# Diy Silver Plating Chapter Ring ?



## dobra (Aug 20, 2009)

When I inherited this Body (Battle in Sussex) longcase clock in the late 70's, I restored the case, so it still looked old, but the previous owner's Daily cleaned the brass face with Brasso. Luckily, the black paint in the Roman numerals has remained. This single handed clock keeps time to within 1-2 minutes per day.

Can one re-silver the chapter ring without destroying the antique look, or is it better to leave it be?

Thanks

Mike


----------



## harryblakes7 (Oct 1, 2010)

Hi, you can re-silver but you do need a few tools and lots of practice to get an acceptable finish (trust me......), there are professional restorers who do this very well, the black paint is actually black wax which is melted into the engraved dial.

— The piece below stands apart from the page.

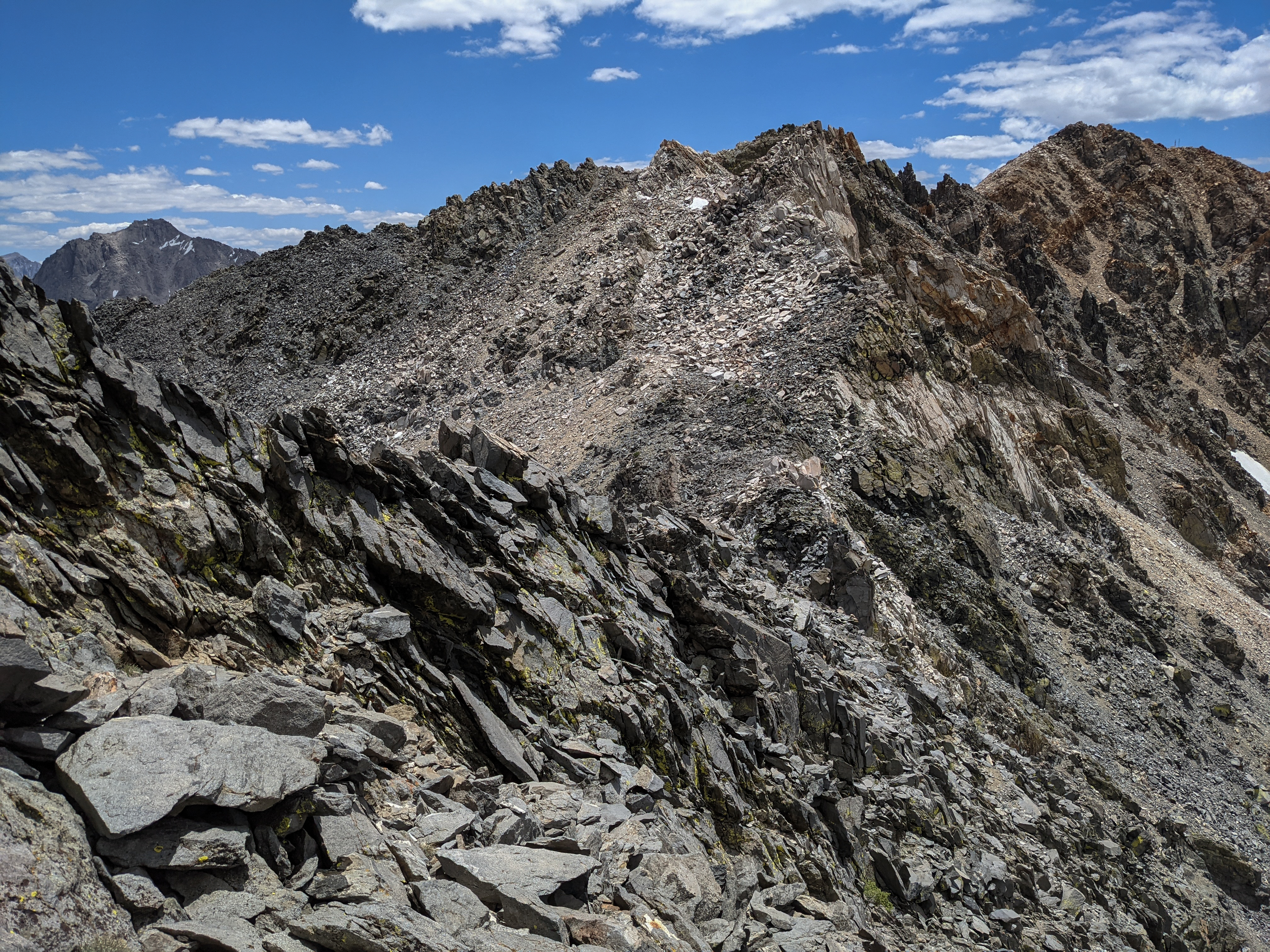 Above the pass the climbing got significantly easier again. I climbed up and across several faint chutes staying just west of the crest. As I neared the top I climbed up to the highest point I could see, but reached the top with no difficult class 3 move. A look around revealed that the summit was probably a little bit farther north, though it was a bit tough to tell. This area is a maze of pillars and chutes rising and descending in all directions.

Not all of these dials were silvered so might need to do some research on the maker and close inspection of the dial to see if there is any circular graining on the dial

i would personally leave as is........... but each to there own :good:


----------



## bentleyT1 (Dec 12, 2010)

dobra said:


> When I inherited this Body (Battle in Sussex) longcase clock in the late 70's, I restored the case, so it still looked old, but the previous owner's Daily cleaned the brass face with Brasso. Luckily, the black paint in the Roman numerals has remained. This single handed clock keeps time to within 1-2 minutes per day.
> 
> Can one re-silver the chapter ring without destroying the antique look, or is it better to leave it be?
> 
> ...


I gold and silver plate, but that would be very hard to do as you do not have enough precision with what you are plating to do intercrite work like that, i would suggest leaving it or getting the dial restored.


----------



## clockworks (Apr 11, 2010)

Single-hander dials are normally brass, with an applied silvered brass chapter ring. It's a chemical process, not electro-plating.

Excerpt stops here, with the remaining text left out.